Data provided —
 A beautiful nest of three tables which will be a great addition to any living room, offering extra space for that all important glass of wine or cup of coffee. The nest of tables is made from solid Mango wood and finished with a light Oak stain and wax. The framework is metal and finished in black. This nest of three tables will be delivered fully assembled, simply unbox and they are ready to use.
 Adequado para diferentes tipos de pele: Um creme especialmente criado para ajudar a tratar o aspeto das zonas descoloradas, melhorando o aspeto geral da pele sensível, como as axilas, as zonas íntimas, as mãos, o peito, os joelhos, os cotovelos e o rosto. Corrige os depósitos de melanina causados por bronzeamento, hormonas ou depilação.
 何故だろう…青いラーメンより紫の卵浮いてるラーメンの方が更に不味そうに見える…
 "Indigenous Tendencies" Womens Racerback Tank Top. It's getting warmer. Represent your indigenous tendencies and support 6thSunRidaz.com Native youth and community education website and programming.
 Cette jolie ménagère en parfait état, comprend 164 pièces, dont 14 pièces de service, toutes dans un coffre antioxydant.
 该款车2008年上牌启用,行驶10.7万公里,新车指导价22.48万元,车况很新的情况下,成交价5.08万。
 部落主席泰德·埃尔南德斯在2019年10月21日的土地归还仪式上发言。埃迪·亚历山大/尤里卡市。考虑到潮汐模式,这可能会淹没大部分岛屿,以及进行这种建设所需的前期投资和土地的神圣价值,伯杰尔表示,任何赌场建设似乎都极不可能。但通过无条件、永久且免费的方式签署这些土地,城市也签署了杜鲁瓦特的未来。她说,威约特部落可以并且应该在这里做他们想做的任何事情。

* * *

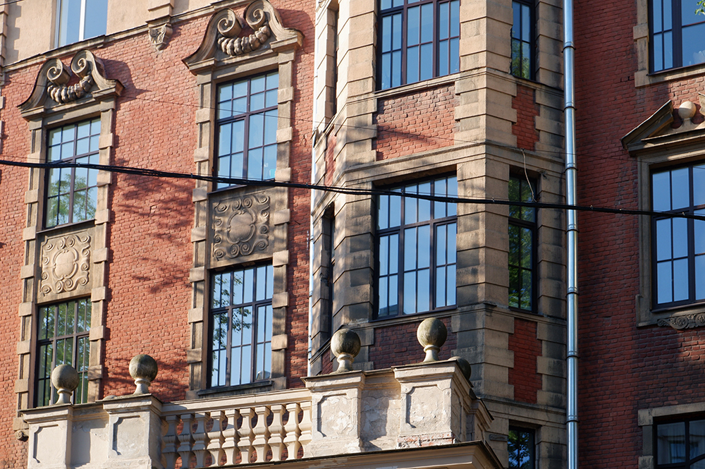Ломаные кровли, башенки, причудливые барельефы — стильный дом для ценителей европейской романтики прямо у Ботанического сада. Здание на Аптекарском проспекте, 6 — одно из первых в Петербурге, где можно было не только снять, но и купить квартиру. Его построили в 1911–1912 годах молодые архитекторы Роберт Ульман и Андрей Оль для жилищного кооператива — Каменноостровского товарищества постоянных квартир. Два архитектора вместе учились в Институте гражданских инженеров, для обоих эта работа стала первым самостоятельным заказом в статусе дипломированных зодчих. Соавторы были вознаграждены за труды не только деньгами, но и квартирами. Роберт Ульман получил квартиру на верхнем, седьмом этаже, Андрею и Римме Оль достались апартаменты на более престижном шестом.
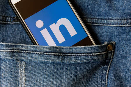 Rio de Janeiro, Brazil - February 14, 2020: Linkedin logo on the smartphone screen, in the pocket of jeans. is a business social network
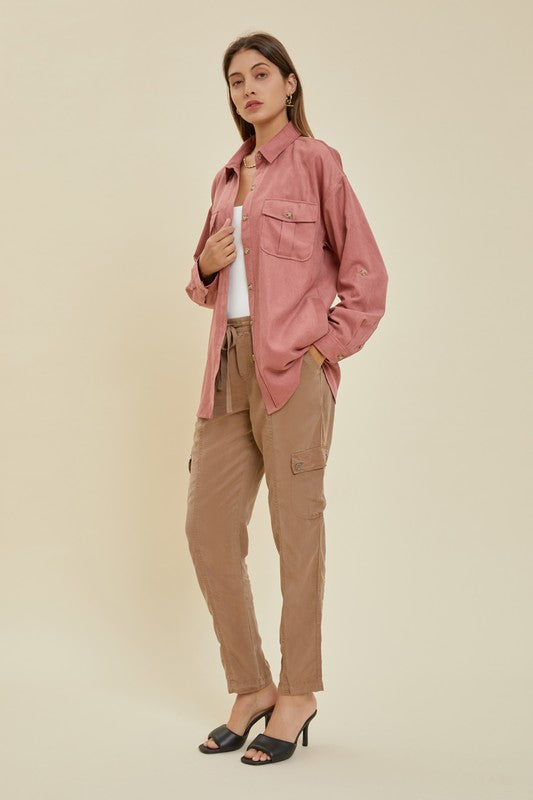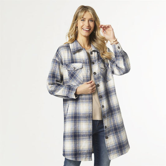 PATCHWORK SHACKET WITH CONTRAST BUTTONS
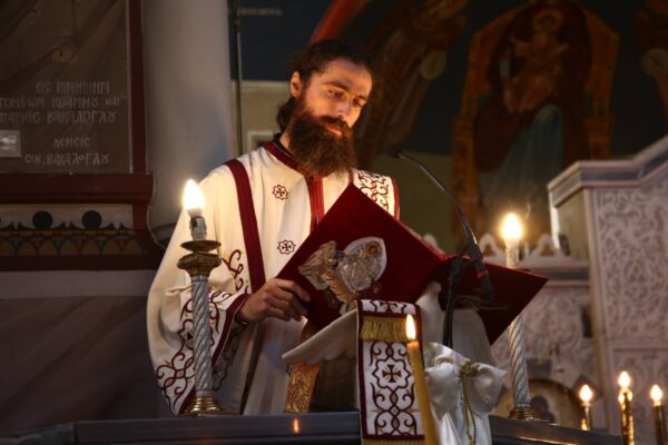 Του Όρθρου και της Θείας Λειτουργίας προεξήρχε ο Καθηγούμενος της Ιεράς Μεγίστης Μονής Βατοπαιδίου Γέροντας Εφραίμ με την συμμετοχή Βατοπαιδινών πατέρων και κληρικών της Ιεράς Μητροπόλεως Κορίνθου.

* * *

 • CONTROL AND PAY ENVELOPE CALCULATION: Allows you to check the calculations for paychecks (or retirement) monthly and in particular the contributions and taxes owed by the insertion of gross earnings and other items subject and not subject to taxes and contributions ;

Your assignment — Reproduce the entries exactly, from the line with "PATCHWORK SHACKET WITH CONTRAST BUTTONS" to the line with "Του Όρθρου και", both lines included, keeping no pictures.

Result —
 PATCHWORK SHACKET WITH CONTRAST BUTTONS
 Του Όρθρου και της Θείας Λειτουργίας προεξήρχε ο Καθηγούμενος της Ιεράς Μεγίστης Μονής Βατοπαιδίου Γέροντας Εφραίμ με την συμμετοχή Βατοπαιδινών πατέρων και κληρικών της Ιεράς Μητροπόλεως Κορίνθου.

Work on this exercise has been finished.